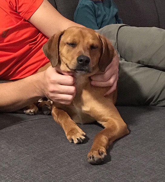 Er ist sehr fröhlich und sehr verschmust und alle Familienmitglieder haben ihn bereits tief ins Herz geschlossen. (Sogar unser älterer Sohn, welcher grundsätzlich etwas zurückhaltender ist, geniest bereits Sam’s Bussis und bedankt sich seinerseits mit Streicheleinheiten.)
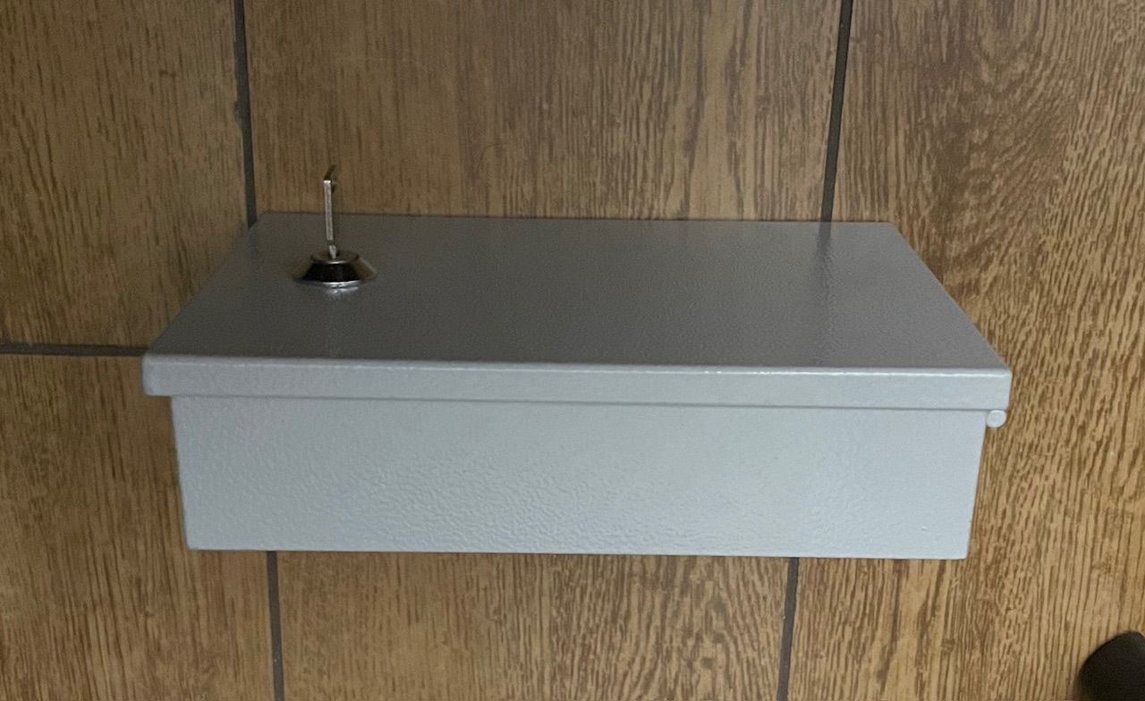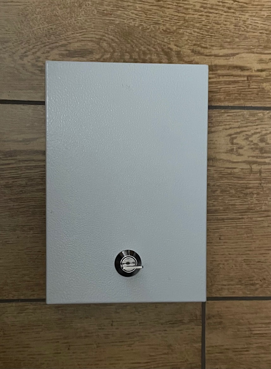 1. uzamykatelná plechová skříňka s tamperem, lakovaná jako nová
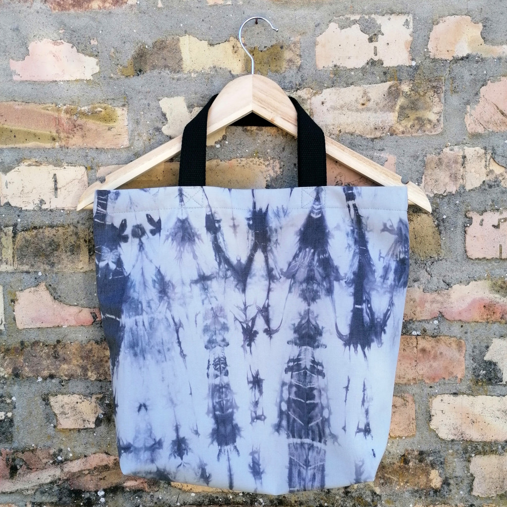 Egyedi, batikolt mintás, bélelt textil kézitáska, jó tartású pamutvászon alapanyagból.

TASK REQUIREMENTS :: Restate the whole listing exactly as written, minus the pictures.

YOUR RESPONSE ::
 Er ist sehr fröhlich und sehr verschmust und alle Familienmitglieder haben ihn bereits tief ins Herz geschlossen. (Sogar unser älterer Sohn, welcher grundsätzlich etwas zurückhaltender ist, geniest bereits Sam’s Bussis und bedankt sich seinerseits mit Streicheleinheiten.)
 1. uzamykatelná plechová skříňka s tamperem, lakovaná jako nová
 Egyedi, batikolt mintás, bélelt textil kézitáska, jó tartású pamutvászon alapanyagból.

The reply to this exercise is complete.